Feb 22 00:40:41 mizzoucapital sshd[9207]: reverse mapping checking getaddrinfo for 212.51.174.61.dial.wz.zj.dynamic.163data.com.cn [61.174.51.212] failed - POSSIBLE BREAK-IN ATTEMPT!
Feb 22 00:40:50 mizzoucapital sshd[9210]: reverse mapping checking getaddrinfo for 212.51.174.61.dial.wz.zj.dynamic.163data.com.cn [61.174.51.212] failed - POSSIBLE BREAK-IN ATTEMPT!
Feb 22 10:18:54 mizzoucapital sshd[12396]: reverse mapping checking getaddrinfo for 212.51.174.61.dial.wz.zj.dynamic.163data.com.cn [61.174.51.212] failed - POSSIBLE BREAK-IN ATTEMPT!
Feb 22 10:19:04 mizzoucapital sshd[12429]: reverse mapping checking getaddrinfo for 212.51.174.61.dial.wz.zj.dynamic.163data.com.cn [61.174.51.212] failed - POSSIBLE BREAK-IN ATTEMPT!

ewaller

Administrator

From: Pasadena, CA

Registered: 2009-07-13

Posts: 20,354

Re: SSHD Reverse mapping checking "getaddrinfo"

Is that output everything, or did you run it through grep?  Yes, someone is trying to break in to your system, and they are trying to spoof their address.  The address pair I checked wants you to think they are in the UK, but they are in Japan.

Usually, there is a brute force password attack associated with these.  Do you allow passwords, or do you require key pairs?
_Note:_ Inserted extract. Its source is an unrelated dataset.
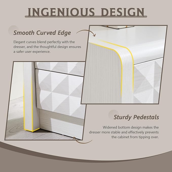 - GEOMETRIC DIAMOND-EMBOSSED DRESSER: Redefining functional elegance through clean geometry, this design pairs diamond-faceted drawers with wood panels joined at precise 45-degree angles, creating striking light-play that elevates visual drama. The modern luxury aesthetic is accentuated by signature metal handles - blending sculptural beauty with everyday practicality

Last edited by ewaller (2014-02-22 21:15:47)

---

Nothing is too wonderful to be true, if it be consistent with the laws of nature -- Michael Faraday
Sometimes it is the people no one can imagine anything of who do the things no one can imagine. -- Alan Turing
---
How to Ask Questions the Smart Way

Pat

Member

Registered: 2014-02-17

Posts: 10

Re: SSHD Reverse mapping checking "getaddrinfo"

I used this command to produce the output above: journalctl --no-pager | grep "POSSIBLE BREAK-IN"
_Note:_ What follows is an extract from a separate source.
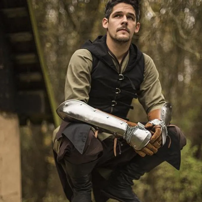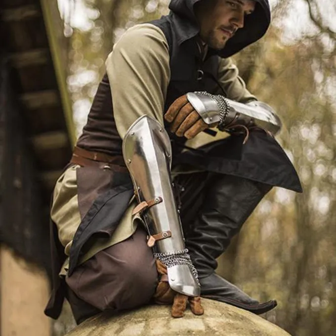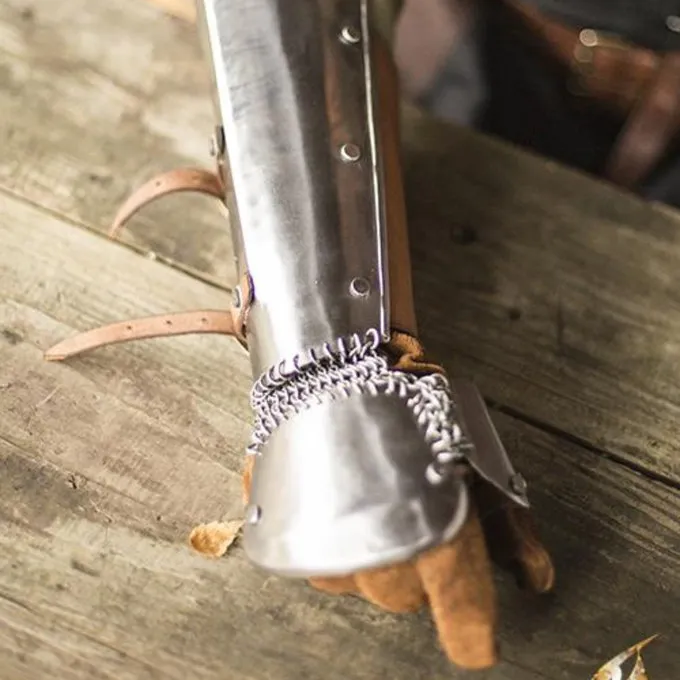 Disse stålvambraces med chainmail er inspireret af middelalderlig rustning. Panseret består af et par vambraces og halve kigger, der er forbundet med et stykke kædepost. Kanten af rustningen er dekoreret med nitter. Armoren er let at fastgøre til armen og hånden med stærke læderremme. Du kan kombinere rustningen med et par gode handsker for ekstra sikkerhed. Denne rustning er 1 mm tyk og passer til Larp-slag, Cosplay og teater.

I've seen a lot of traffic from toyko, malaysia and hong kong

I used this command to spit out the top failed password attempts

journalctl --no-pager | grep -i "failed password" | grep -Eo "([0-9]{1,3}\.)[0-9]{1,3}" | sort | uniq -c | sort -nr | head

 6662 219.133.33.59
   1863 106.186.24.66
    962 37.205.198.162
    668 192.3.150.132
    516 218.59.184.154
    513 61.183.15.105
    392 97.74.92.181
    392 108.168.207.195
    347 218.2.22.134
    324 61.147.70.29

They did try brute forcing before i had setup my firewall / f2b / sshg. Now they can't get very far. Most of them try to login as root, which you cannot do on my server, but even still, my root password is insane and brute force would take a very long time to get it.
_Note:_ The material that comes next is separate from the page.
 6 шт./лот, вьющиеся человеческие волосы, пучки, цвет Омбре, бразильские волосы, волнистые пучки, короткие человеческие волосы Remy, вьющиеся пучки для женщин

I often see these same people talk to my dns service. I'm assuming they're just sweeping an IP addresses in America using low level methods

I'm just curious what "reverse mapping checking getaddrinfo" means though since i havent seen that since i setup the firewall/ f2b / sshg services.